Подобно Мейчену, Ходжсон вводит в повествование богов для усиления эффекта химеричности пейзажа. В ходе своего странствия через Равнину рассказчик понимает, что «чудищ вокруг были сотни. Они словно вырастали из теней. Нескольких я узнал — божества из знакомых мне мифов, — очертания других были непостижимы для человеческого разума»[5]. Последнее утверждение имеет большое значение, поскольку Ходжсон являет нам не только известных языческих богов, но и богов неведомых. В частности, он описывает Зверобога, гигантскую свиноподобную тварь, сочетающую в себе черты животного и человека. Мы видим введение в повествование богоподобного существа, которого нет ни в одной из известных религий — но которое является злейшим врагом смертного рода.
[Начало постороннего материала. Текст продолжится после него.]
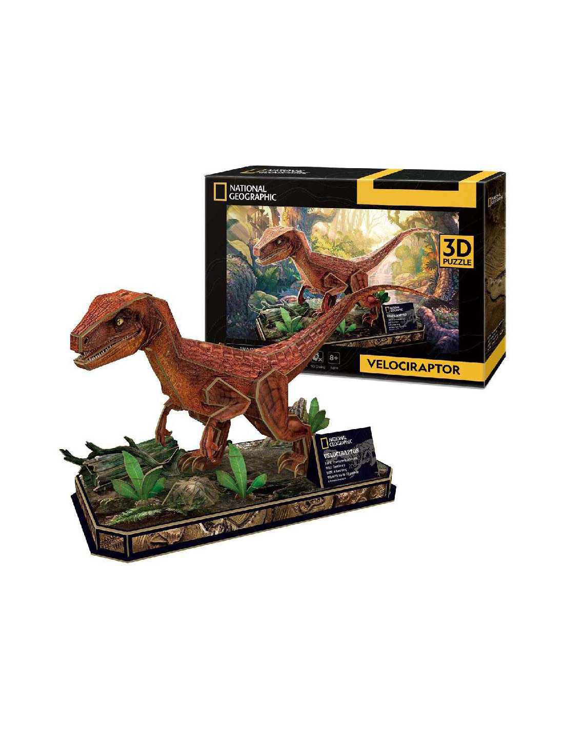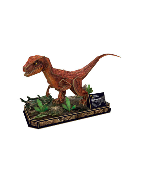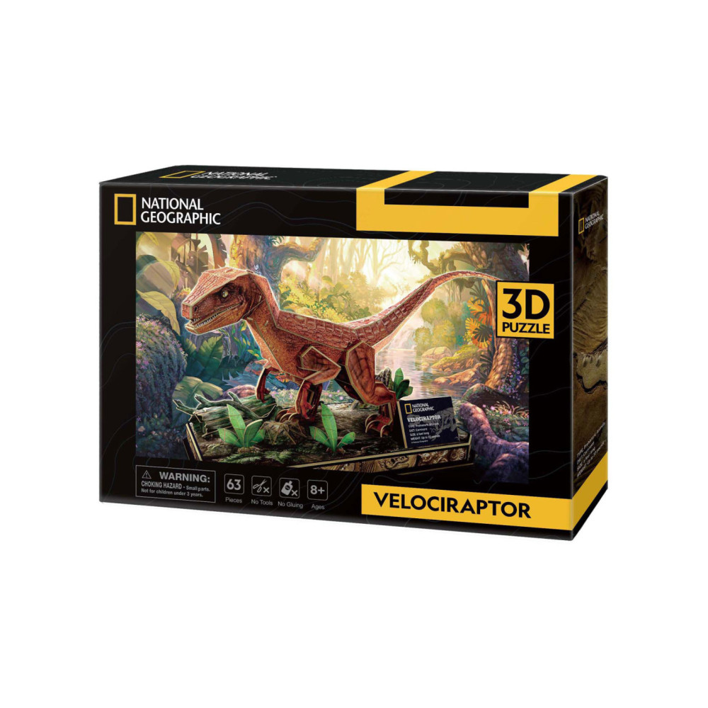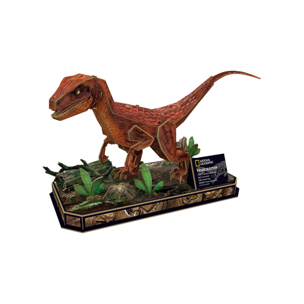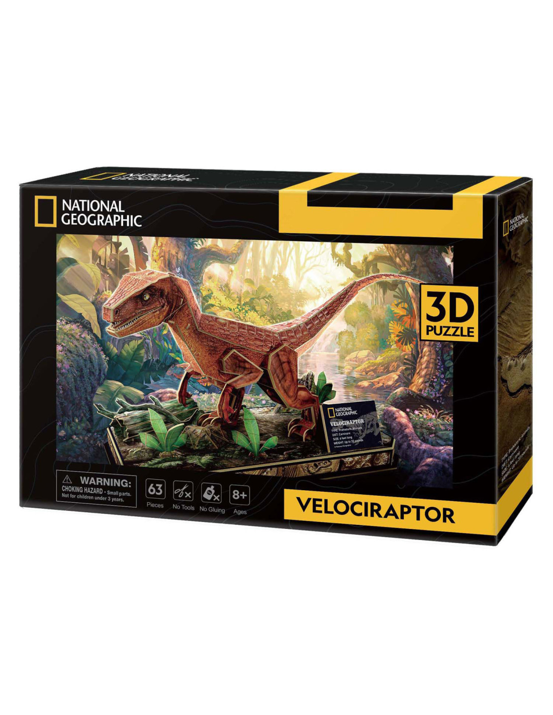 National Geographic 3D puzzel Velociraptor dinosaurus bouwpakket. Houten dinosaurus 3D puzzel om zelf in elkaar te zetten, met instucties. Materiaal: licht hout (triplex). Bestaat uit 63 onderdelen. Er is geen gereedschap of lijm nodig. Verpakt in een fraaie doos. Geschikt voor kinderen vanaf 8 jar.

После этого происходит вторжение химерного в наш мир — поначалу за стенами дома, но с каждым разом всё глубже проникающего в его относительную нормальность. На сцену выходят свинорылы, малые отражения Зверобога. К ужасу рассказчика, хотя их облик и подобен свиньям, они демонстрируют неожиданный интеллект. Их ужасающее хрюканье — своеобразная осмысленная речь, зловещий намёк на то, что домашние животные приняли на себя роль человека, или что люди переродились в нечто звероподобное. «Свинорылы пребывали за пределами всего человеческого — и отнюдь не в хорошем смысле: в них воплощалось нечто злое и враждебное ко всему доброму и хорошему, что есть в человеке». Мейчен в своей повести «Великий бог Пан» описал потомство женщины и божества; оно сверхъестественно красиво, но всё ещё подобно человеку. В повести же Ходжсона мы становимся свидетелями извращённого зла, в котором и внешние, и внутренние признаки вырождены и химеричны.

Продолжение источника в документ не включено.